**AIM OF THE TASK**.
Starting at the first line and ending at the one with "A new entrant", give the lines of the listing again exactly, and nothing else; skip the pictures.

**PROVIDED DATA**.
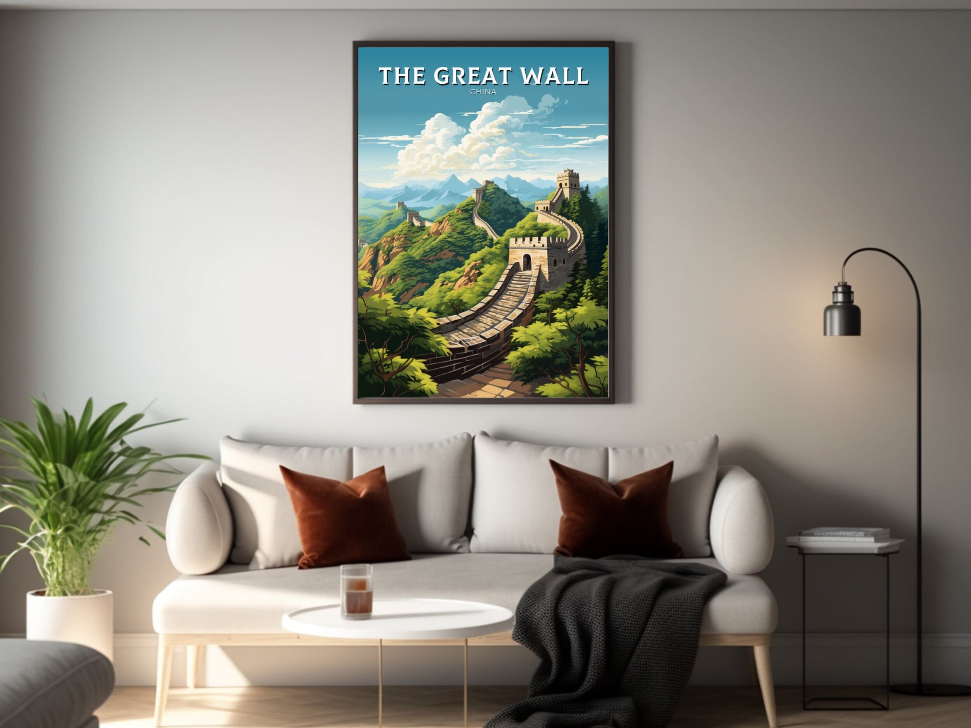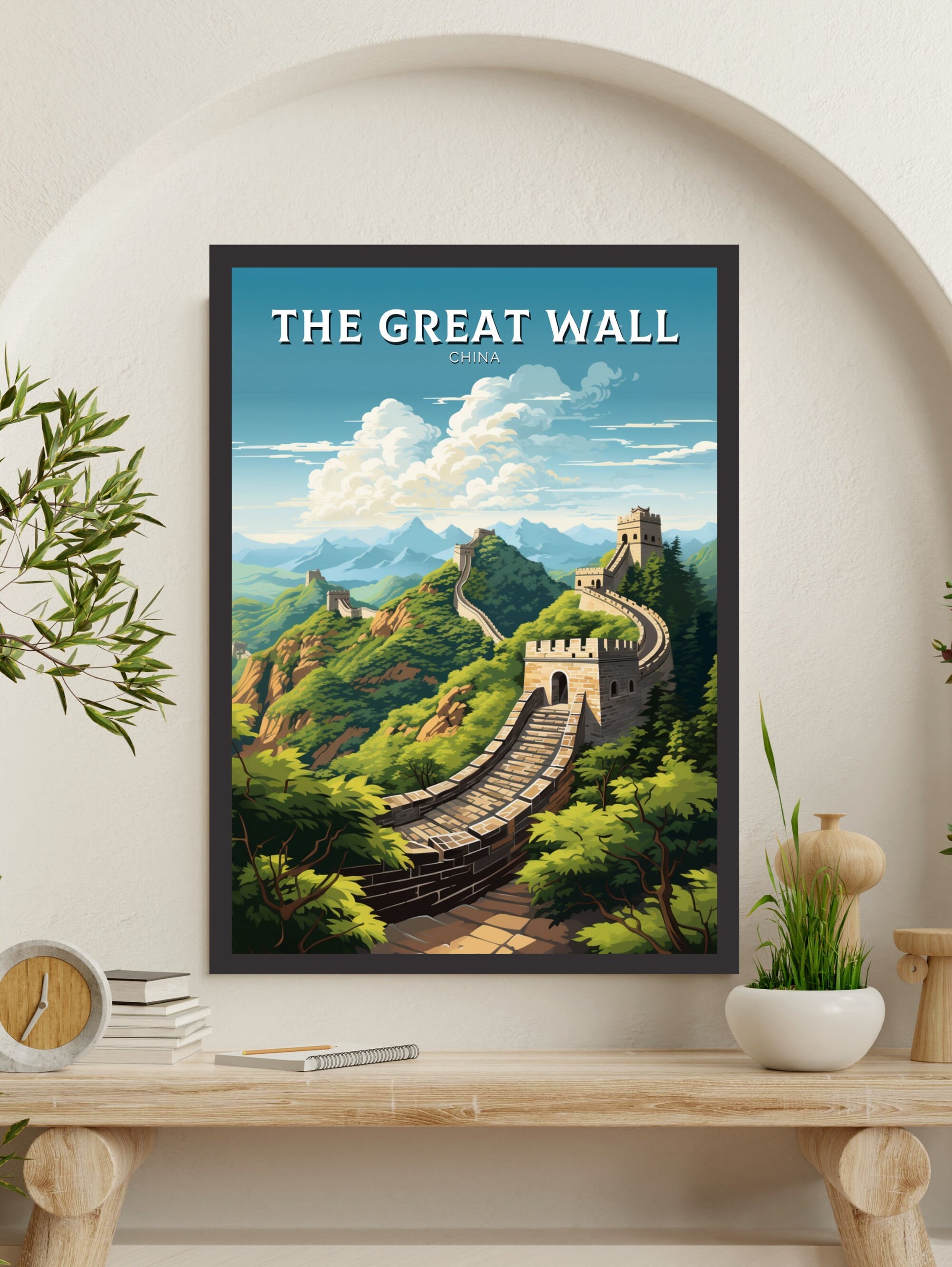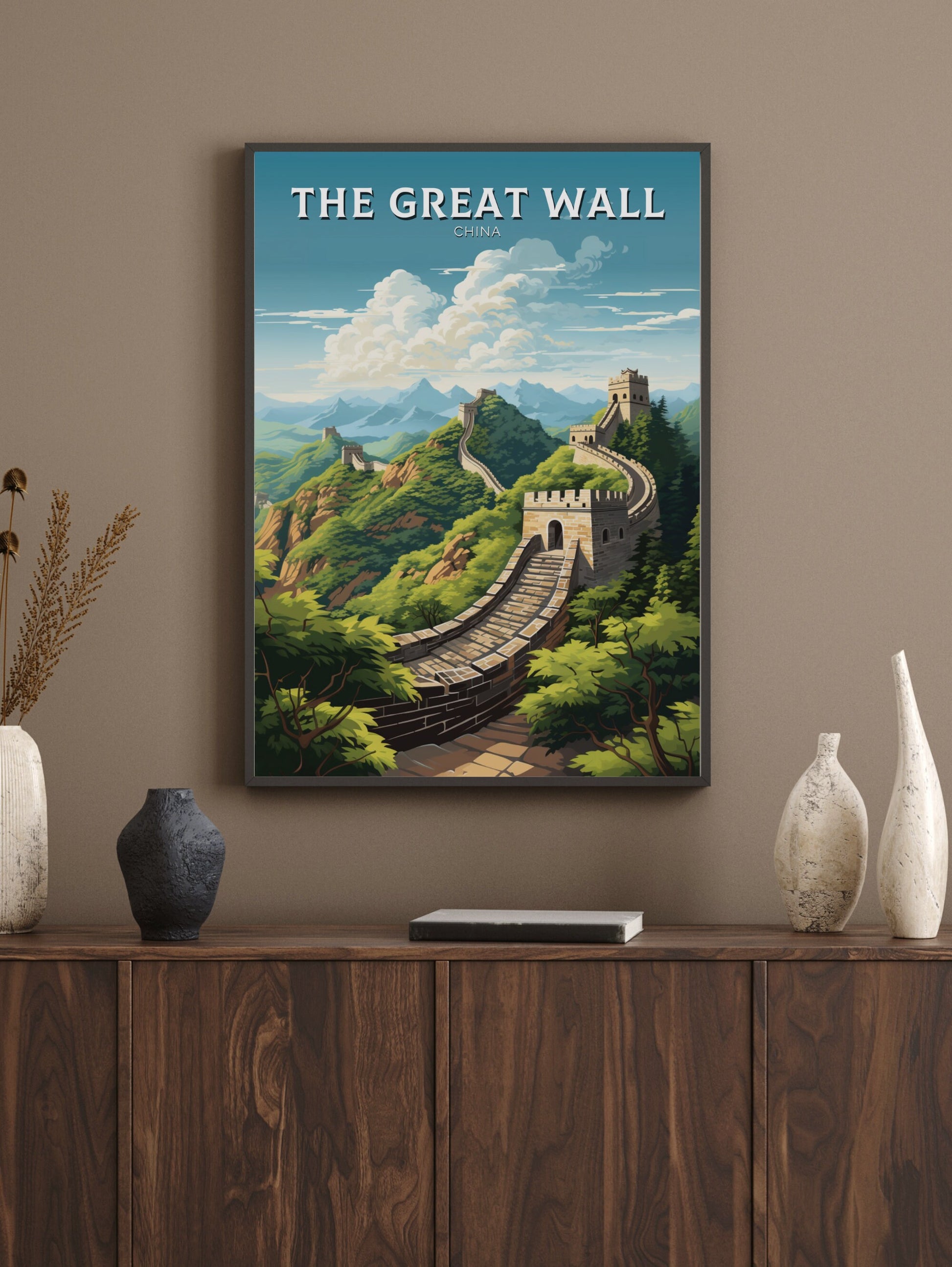 Cette œuvre mêle des verts terreux et des bruns chaleureux à l'essence majestueuse de la Grande Muraille, mettant en valeur sa splendeur intemporelle dans un style vibrant. Imprimée sur un papier de qualité supérieure, elle offre un éclat durable et une finition lisse, ce qui en fait un cadeau idéal pour les aventuriers ou les collectionneurs d'art. Cette affiche de la Grande Muraille apporte une touche de grandeur épique à n'importe quel mur.
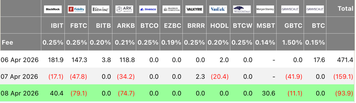 A new entrant arrived with momentum for bitcoin ETFs, but it wasn’t enough to flip the continued funds exit. Bitcoin ETFs extended their outflow streak, shedding $93.9 million even as Morgan Stanley’s much-anticipated MSBT made a strong first impression.
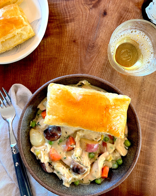 And for the ease of reheating as well as the use of compostable containers (most of which are not oven-safe) we've deconstructed our Chicken Pot Pie into the pie filling and the pastry.
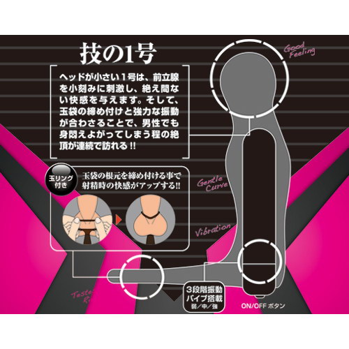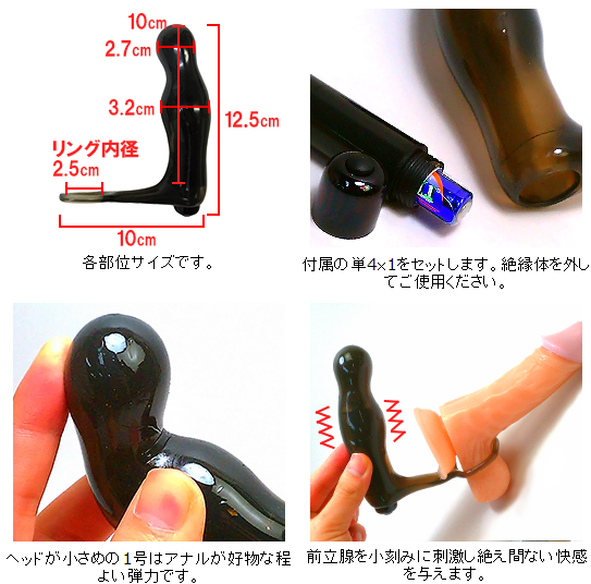 前立腺刺激を追求するアナルクローザーに、ローターがセットになった電動タイプが登場しました。こちらの「1号」は、前立腺を小刻みに刺激し絶え間ない快感を与え続けてくれます。さらに玉袋の締め付けと強力な振動が合わさることで、男性でも身悶えよがってしまう程の絶頂が連続で訪れるという優れもの。付属のローターは取り外しが可能となっていて、3段階の振動レベルをお楽しみいただけます。ON/OFFスイッチの簡単ワンボタンで初心者でも楽に操作可能。機能美と使いやすさを両立させたオススメのアナルアイテムです。

**ANSWER FOR THE TASK**.
 Cette œuvre mêle des verts terreux et des bruns chaleureux à l'essence majestueuse de la Grande Muraille, mettant en valeur sa splendeur intemporelle dans un style vibrant. Imprimée sur un papier de qualité supérieure, elle offre un éclat durable et une finition lisse, ce qui en fait un cadeau idéal pour les aventuriers ou les collectionneurs d'art. Cette affiche de la Grande Muraille apporte une touche de grandeur épique à n'importe quel mur.
 A new entrant arrived with momentum for bitcoin ETFs, but it wasn’t enough to flip the continued funds exit. Bitcoin ETFs extended their outflow streak, shedding $93.9 million even as Morgan Stanley’s much-anticipated MSBT made a strong first impression.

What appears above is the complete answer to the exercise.